Somebody lit the store on fire
Somebody lit the house on fire
Somebody lit the crowd on fire, marching away
And you've got nothing to say
And you've got nothing to say
Have you got nothing to say?

For those of you who told me I should stay indoors
Take care of you and yours, take care of you and yours
But me and mine (me and mine)
Me and mine (me and mine)
We've got a long way to go before we get home
'Cause this ain't my home anymore
This ain't my home anymore
This ain't my home

Take care of you and yours
Take care of you and yours
Take care of you and yours
Take care of you and yours
But me and mine (me and mine)
Me and mine (me and mine)
Me and mine (me and mine)
Me and mine (me and mine)
Me and mine (me and mine)
Me and mine (me and mine)
Me and mine (me and mine)
Me and mine

We've got a long way to go before we get home
'Cause this ain't my home anymore
This ain't my home anymore
This ain't my home anymore
This ain't my home anymore

I feel this. Deep inside I feel this. That my home was with the New Englander, and now it's ain't...

Good thing I trust that I have a home inside myself in which to reside - a safe, cozy, protected space - this is an especially good thing since I am also getting ready to sell my house.

Oof! So much transition...

Monday, August 26, 2019

Bad

Gonna miss this guy!
This gorgeous song was running through my head last night and this morning after a pillow-talk convo with the New Englander:

If you twist and turn away
If you tear yourself in two again
If I could, yes I would
If I could, I would let it go
Surrender, dislocate

If I could throw this lifeless lifeline to the wind
Leave this heart of clay, see you walk, walk away
Into the night, and through the rain
Into the half light and through the flame

If I could, through myself, set your spirit free
I'd lead your heart away, see you break, break away
Into the light and to the day

Hoo, hoo!
Hoo, hoo!
Hoo, hoo!
Hoo, hoo!
Hoo, hoo!
Hoo, hoo!

To let it go and so to fade away
To let it go and so fade away
I'm wide awake
I'm wide awake, wide awake
I'm not sleeping
Oh no, no, no

If you should ask, then maybe
They'd tell you what I would say
True colours fly in blue and black
Blue silken sky and burning flag
Colours crash, collide in blood-shot eyes

Hoo, hoo!
Hoo, hoo!
Hoo, hoo!

If I could, you know I would
If I could, I would let it go

Because, you see, if he could, I know he would. Make the changes that would make our lives together fulfilling and harmonious. I know he would.

But it doesn't work like that. That's the hard lesson I'm (we're?) learning.

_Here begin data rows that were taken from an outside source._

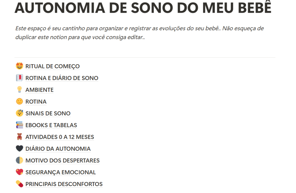 Você vai ter esse guia de bolso. Seu SOS do Sono organizado em um Notion com tabelas, ebooks, checklist, diários, manuais, passo a passo…
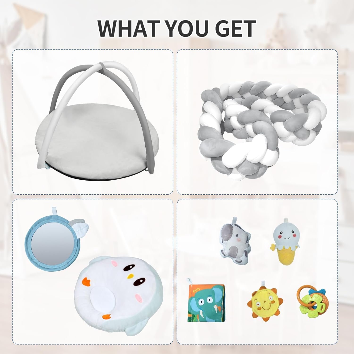 Let baby discover himself in mirror, and promote the development of visual cognitive ability. BPA-free teethers help soothe and reduce baby’s discomfort for teething. Soft ice-icream shape toy and horse theme toy with ring bell, beautiful shape and pleasant sound of bell, promoting baby’s touch and hearing. A cloth book with animal theme is extremely soft, and each page has a new animal world to explore which features a nice rustle sound.
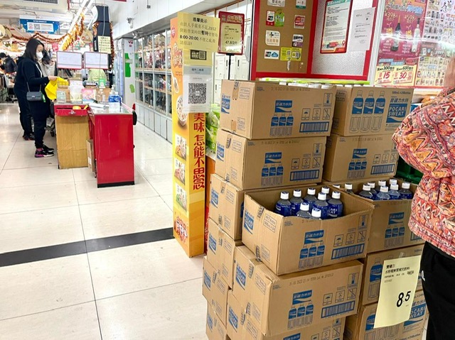 經向多家超市瞭解,負責人表示目前貨源充足,店方因應需求較大的貨品,如電解質飲料、喉糖等增加入貨數量,已儘快將貨品上架。
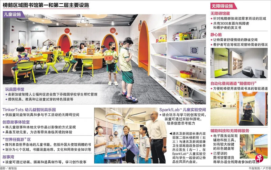 新建成的榜鹅区域图书馆星期一(1月30日)投入运作,里面有玩具图书馆和创客空间等,也有无障碍设施和辅助科技工具,照顾残障者和特需群体的需要。
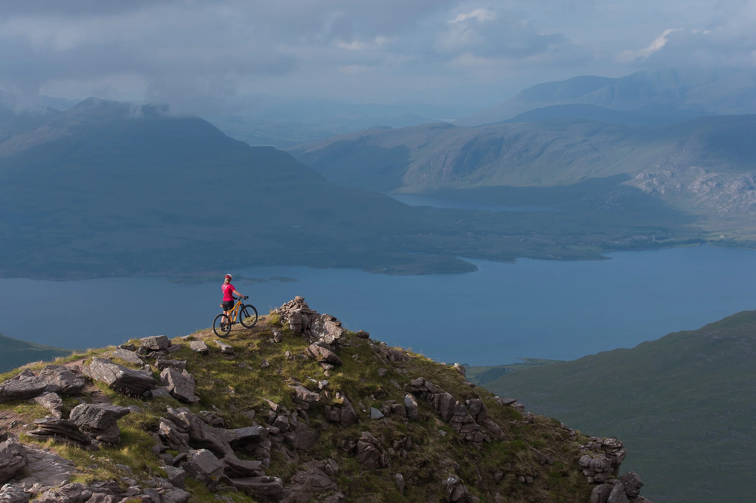 Gore-sponsored endurance athlete Naomi Freireich mountain biking on Beinn Alligin, a Munro in the North-West Highlands of Scotland
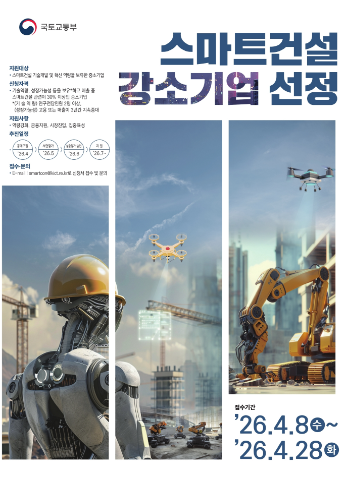 국토교통부와 한국건설기술연구원은 혁신적인 스마트건설 중소기업들을 육성하고 산업 생태계를 조성하기 위해 '스마트건설 강소기업 공모'와 '스마트건설 얼라이언스 기술실증 지원사업 공모'를 4월 8일부터 4월 28일까지 3주간 실시한다.
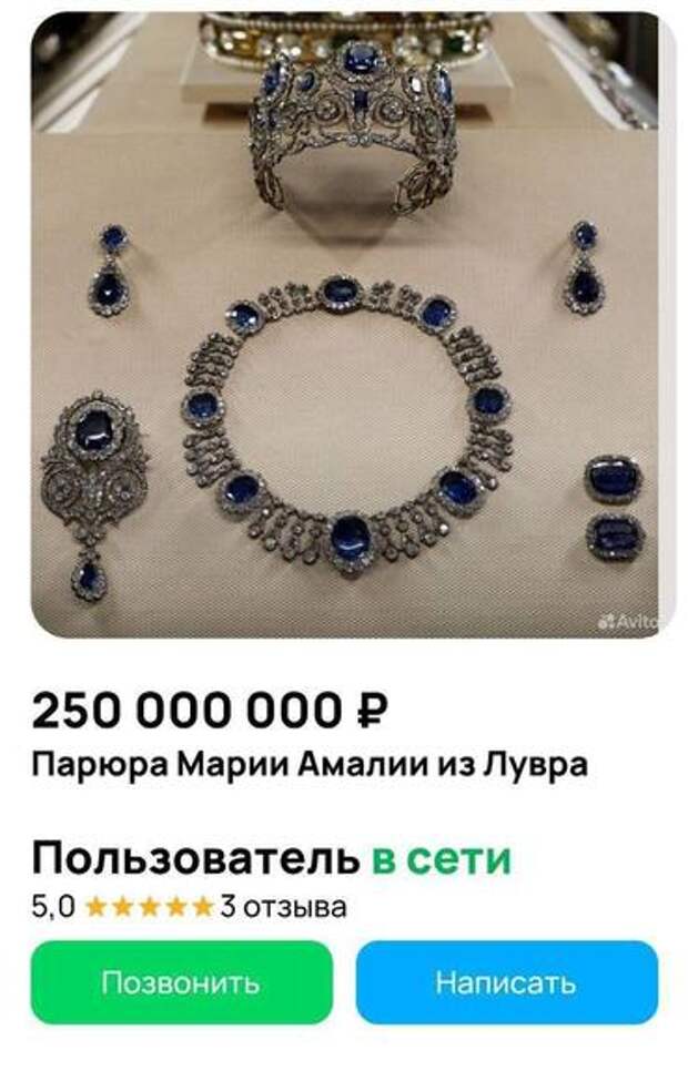 Объявление появилось от пользователя из Москвы ещё вчера. Он разместил фото похищенных на днях из Лувра украшений — диадемы, серёг и ожерелья из сапфиров и бриллиантов, которые принадлежали королеве Марии Амалии. Пользователь оценил их в 250 миллионов рублей. Сейчас его объявление на платформе заблокировано.

And so we're going about our daily life, which feels almost normal, except for the fact that we are breaking up and he's packing up to move back to New Hampshire.

Which tells me we could've gone on like this forever, or at least a lot longer, allowing the good times to buoy us through the bad. But I feel certain that would be shortchanging both of us, and offering us less than the ease, peace, happiness and fulfillment that is available to each of us:

This desperation, dislocation
Separation, condemnation
Revelation, in temptation
Isolation, desolation
Let it go and so fade away
To let it go, oh yeah, and so fade away
To let it go, oh no, and so to fade away

Yeah U2, we two are gonna let the romance fade away. Here's hoping we can keep the friendship going.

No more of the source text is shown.